Oh boy! This is confusing. Let's try to make sense of this by modeling it in a graph. We want to use variables from the table that will best isolate underperforming and overpaid players from underpaid and well-performing players. While we could use all of the variables, we want to use the ones that will give us the best results. Building a model takes time and we had to try many different combinations, but the ones that gave us the best results were Field Goal percentages, total points, and total assists.

In [13]:
clust_data_NBA = y[["FG%", "PTS", "AST"]]
kmeans_obj_NBA = KMeans(n_clusters=3, random_state=1).fit(clust_data_NBA)
fig = px.scatter_3d(y, x= "FG%", y= "PTS", z="AST", color=salary_array, hover_data = [player_array],
                    title="")
fig.show()





Now that we can see our clustering model, we can see which players are underpaid and well-performing that we might want to snag for a good playoff team.
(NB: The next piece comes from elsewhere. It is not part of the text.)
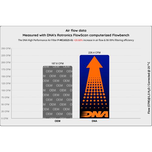 - Der Luftstrom dieses neuen DNA-Filters ist um +20,68% höher als beim Originalfilter!

What determines desireability here is based off a few things. First, note the color scale. The darker the color, the lower salary the player has. We are also scaling up along Assists, Points, and FG% so the players that are higher on the graph are the ones that are performing better. The players that are lower on the graph are the ones that are performing worse. We don't have distinct clusters, but we have a distinct relationship between salary and performance that we can observe. We are looking for players in the bright-colored area that have darker colors. These are underpaid and well-performing players. For us, our desired players are Tyrese Halliburton, Ja Morany, LaMelo Ball, and Darius Garland. Players we want to avoid are players like Rudy Gobert, Marvin Bagley III, and Deondre Ayton. These players are overpaid and underperforming. If we can't get our desired players, we should try and get Fred VanFleet, Ricky Rubio, or Kevin Porter Jr. These players are underpaid and well-performing, but they are not as good as our desired players.